Generative quantum functions are Qmod functions defined in Python, in which classical Qmod variables and expressions are interpreted as Python objects. Hence, these expressions can be used in Python's control flow statements (for, if, etc.) and third-party libraries (such as math). Generative functions offer better integration with Python and Python libraries and enhance the debugging experience.

Example:

from classiq import PHASE, QArray, QBit, qfunc
from math import asin


# declaring a generative function
@qfunc(generative=True)
def foo(qa: QArray[QBit]) -> None:
    # using a classical value qa.len as a Python object (int)
    for i in range(qa.len):
        # sending classical values to third-party functions (asin)
        PHASE(asin(i / qa.len), qa[i])

Warning

This feature is under development.

Turn a quantum function into a generative function by decorating it with @qfunc(generative=True). In generative functions, all classical values and expressions (except execution parameters) are Python objects.

Consider the following model:

from classiq import QArray, allocate, qfunc


@qfunc
def main() -> None:
    qbv = QArray("qbv")
    allocate(4, qbv)
    print(qbv.len)  # Qmod field-access expression
    print(type(qbv.len))  # <class 'classiq.qmod.cparam.CParamScalar'>

The classical expression qbv.len is a symbolic variable whose value is unavailable during model construction. In contrast, consider the generative variant of the same model:

from classiq import QArray, allocate, qfunc


@qfunc(generative=True)
def main() -> None:
    qbv = QArray("qbv")
    allocate(4, qbv)
    print(qbv.len)  # 4
    print(type(qbv.len))  # <class 'int'>

Here, the classical expression qbv.len is evaluated immediately and yields an int object.
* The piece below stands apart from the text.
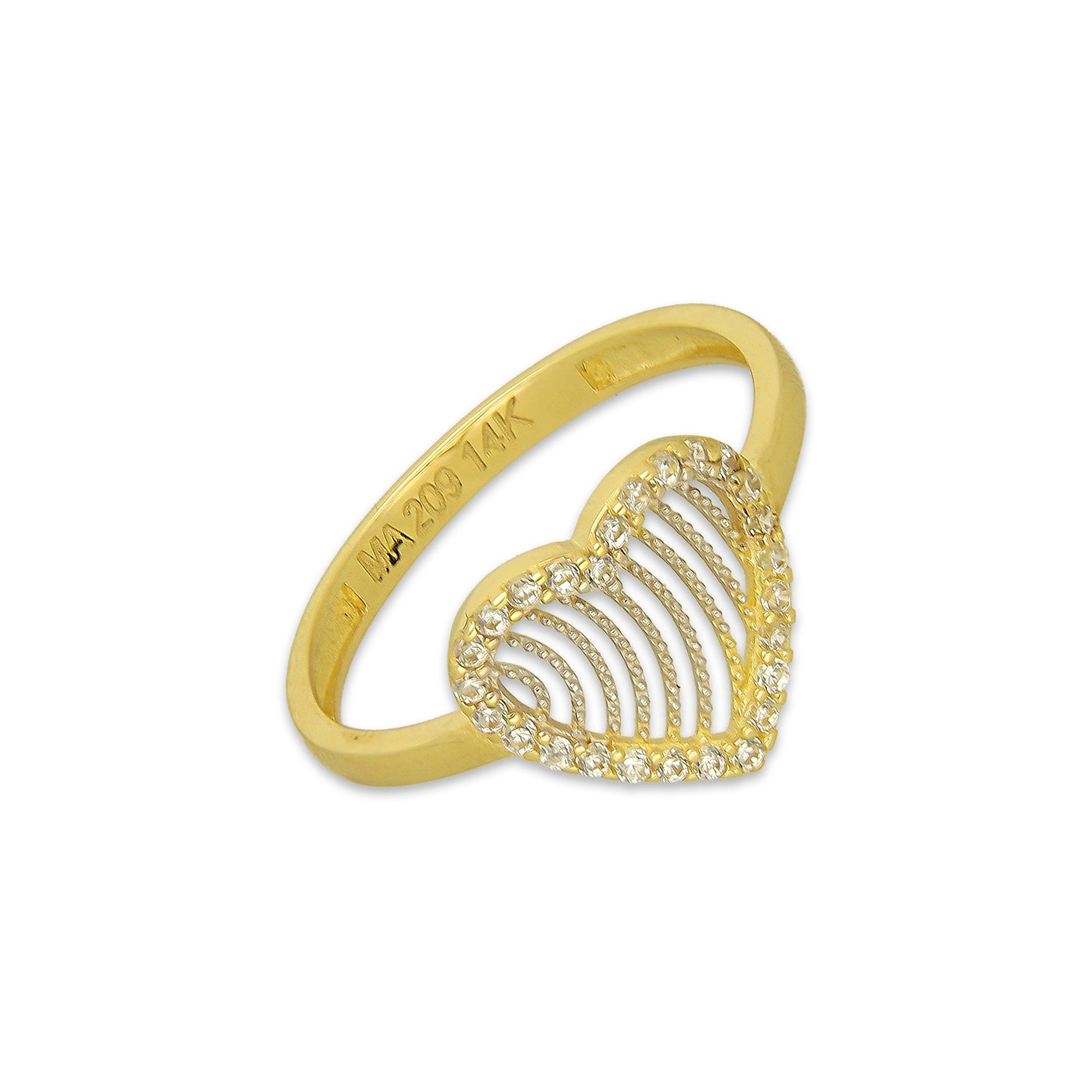 MR14AD041 Anillo Dama Oro Sólido 14K Modelo Corazón Ondas Filigrana con Zirconias

Since classical values are Python objects in generative functions, they can be integrated into the Python control flow and third-party libraries. For example, consider the following model:

from classiq import allocate, qfunc, CX, QArray, RX
import math


@qfunc(generative=True)
def main() -> None:
    qbv = QArray("qbv")
    allocate(4, qbv)
    for i in range(qbv.len):
        RX(1 / math.gcd(i, 3), qbv[i])
        for j in range(qbv.len):
            if i != j:
                CX(qbv[i], qbv[j])

Because qbv.len is an int object, it can be used in Python for and if statements and be sent as an argument to the math.gcd function. Compare the above with the non-generative model below:

from classiq import allocate, qfunc, repeat, if_, CX, QArray, RX


@qfunc
def main() -> None:
    qbv = QArray("qbv")
    allocate(4, qbv)
    repeat(
        qbv.len,
        lambda i: [
            # RX(1 / gcd(i, 3), qbv[i]),  # no gcd in the classiq library
            repeat(
                qbv.len,
                lambda j: if_(
                    i != j,
                    lambda: CX(qbv[i], qbv[j]),
                ),
            )
        ],
    )

In the non-generative variant we are forced to use repeat and if_ statements to describe the classical control flow, and we cannot call gcd because there's no such function in the Classiq SDK.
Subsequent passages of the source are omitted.